We could see that the river at Nanjing is a very wide, busy and important working river. We could
see river barges and docks on both sides of the river. There was a lot of activity. Great Grandfather
Wood's group could have easily maneuvered in such a wide river. I had a nice "family" feeling being
down by the river, looking out over its width and thinking about ancestors and the sacrifices that
this particular one made for all those that followed him. A twenty year old "kid" could never have
imagined that there would be thousands of us.

The pictures will give some idea of the river.
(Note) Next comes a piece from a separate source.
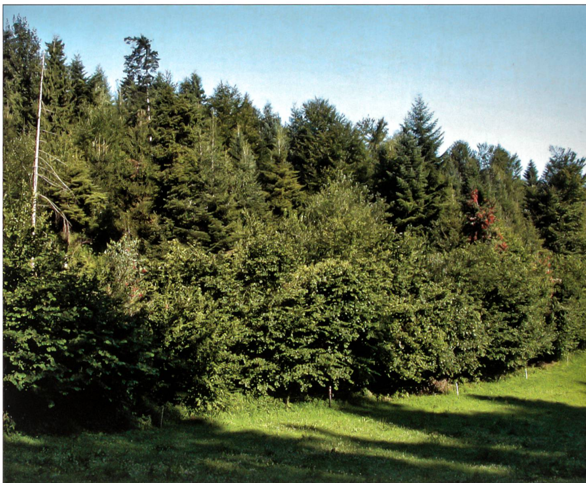
Situation Lotharfläche im Juli 2009.

Notice the canola that is grown on every available spot.
The picture of me shows the electrifying time we had on our adventure, or it could just be a bad
hair day that is common here in China.

Wednesday, 3 April 2013

Thursday 4 April

Today is Tomb Sweeping Day in China.
It is a national holiday where people think about their ancestors and have certain activities
that honour them.

We are going to think about one of my ancestors today.
Don and I, along with fellow teachers Brad and Susan Hertz, are going to Nanjing.
We are going by air, after investigating the other options.  The bullet train was almost
the choice, but it was not direct to Nanjing.

Nanjing will be interesting because of my Great Grandfather William Wood.  He
was in China in 1859 as a member of the British navy.  His vessel was included in the
first group of British ships to officially travel up the Yangtze River.  The purpose
was to assert British influence.  William Wood was only 19 or 20 years old and was
the butcher on HMS Retribution.  He also served as a sailor, an ordinary "Jack," and
at Nanjing his ship was fired upon by the Taiping rebels that had their headquarters
in the city.  His journal tells of the sailors rushing about, barefooted as they always were,
on bloody decks.  He lost a shipmate and friend during the incident.

I want to see for myself what Great Grandfather Wood saw.  What is the river like there?  How
wide is it?  How fast is the flow? Would the Taipings have been on a hill or is the city flat?
Can I visualize how the city could have looked 150 years ago?  

For any of you who may enjoy history, the Taiping Rebellion is fascinating to learn about.
A place to start could be God's Chinese Son by Jonathan Spence.

Nanjing has many other sites, and we will see them during our 2-day visit.
It would be wonderful to have Bob and Anne Baines show us around "their" city.

The photo is of 2 cormorant birds on a traditional raft on the Li River.
They are diving birds that are used for fishing.  A band is placed around their necks so they can't swallow
the fish.  Their size was a surprise.  Not very large.